For Open-loop vs. closed-loop control, compare methods only through one saved artifact that preserves the inputs, outputs, units, timestamps, latency budget, configuration, seed, metric definition, and failure labels relevant to this section. The comparison is meaningful only when the same script evaluates the same panel.
Extend the section exercise by adding one perturbation specific to Open-loop vs. closed-loop control and one latency or uncertainty check. Save the result in the EvidenceRecord schema, then explain which library output you trust and why.
An open-loop plan can look perfect in simulation because no observation is allowed to contradict it. Test it with a pose offset, a delayed actuator command, and a small unmodeled disturbance, then compare the same trial under a closed-loop policy that re-estimates state after each action. If the two disagree, inspect sensing latency, frame conventions, actuator saturation, and the exact point where feedback re-enters the decision loop before changing the model.
Technical Core
Open-loop vs. closed-loop control needs a topic-native core: variables, equations or system contracts, an algorithmic procedure, an expected output, and a failure diagnosis. Figure 7.1.T summarizes the chain this section must preserve when moving from a teaching example to a real embodied system.
Open-loop: choose $a_{0:T-1}$ once from $\hat s_0$ and a reference $r_{0:T-1}$. Closed-loop: update $\hat s_t=h(\hat s_{t-1},a_{t-1},o_t)$ and choose $a_t=\pi(\hat s_t,r_t)$. The closed-loop form is more robust only when $o_t$ arrives fast enough and the estimator is trusted more than the original prediction.

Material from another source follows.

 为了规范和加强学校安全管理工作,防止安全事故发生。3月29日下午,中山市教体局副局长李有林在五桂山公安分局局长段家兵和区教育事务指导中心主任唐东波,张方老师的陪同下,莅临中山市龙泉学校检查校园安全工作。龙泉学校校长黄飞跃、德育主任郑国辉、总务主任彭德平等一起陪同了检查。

- Define the reference, measured state, error signal, actuator command, update rate, and saturation policy.
- Run a step or disturbance response before adding learning.
- Log overshoot, settling time, steady-state error, latency, saturation, and recovery behavior.

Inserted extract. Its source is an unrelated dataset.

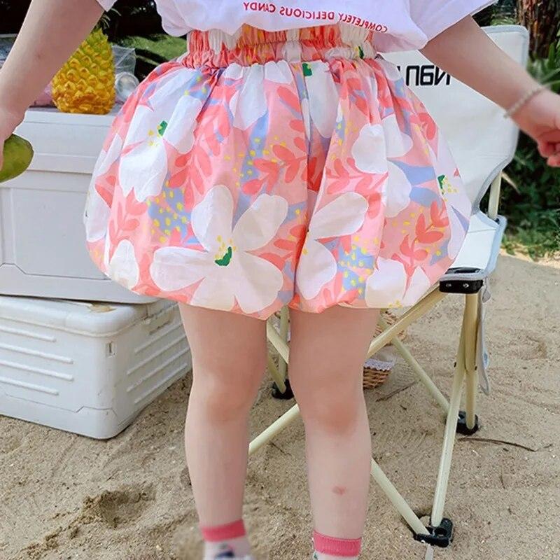 Детские шорты для девочек, брюки тыквы с высокой талией, детские милые шаровары

- Compare PID, LQR, or MPC only under the same plant, sensors, limits, disturbance panel, and metric code.
| Contract Field | What To Specify | Why It Matters |
|---|---|---|
| State and observation | Variables, units, timestamps, frames, and uncertainty. | Prevents a model score from being mistaken for robot capability. |
| Action interface | Command type, limits, update rate, and safety fallback. | Makes the learned or planned output executable. |
| Evidence artifact | Trace, metric, configuration, seed, and failure label. | Allows baseline and library path to be compared in one pass. |
| Tool path | python-control, CasADi, do-mpc, Drake, ROS 2 control, MuJoCo | Shows the practical library route after the mechanism is understood. |
For Open-loop vs. closed-loop control, expected output is a trace where the relevant error decreases, overshoot stays within the design bound, and actuator commands remain within limits under the stated timing budget.
Open-loop vs. closed-loop control should be stress-tested under delay, integral windup, actuator saturation, unmodeled friction, and reference-frame mismatch before the nominal trace is trusted.
Section References
Core references for Open-loop vs. closed-loop control: Modern Robotics; Murray, Li, and Sastry; Siciliano et al.; LaValle; and official documentation for Drake, MuJoCo, Pinocchio, CasADi, python-control, GTSAM, ROS 2, and OpenCV as applicable.

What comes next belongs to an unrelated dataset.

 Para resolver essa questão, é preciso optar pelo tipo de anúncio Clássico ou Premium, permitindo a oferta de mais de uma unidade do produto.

Use these references to check notation, frame conventions, units, solver assumptions, and maintained-library behavior.
Open-loop vs. closed-loop control is useful when it makes the perception-action loop more reliable, not when it merely adds a more impressive model name.
Design a method-matched experiment for Open-loop vs. closed-loop control. Specify the environment, observations, actions, metric, one perturbation, and the library output you would compare against the hand-built baseline.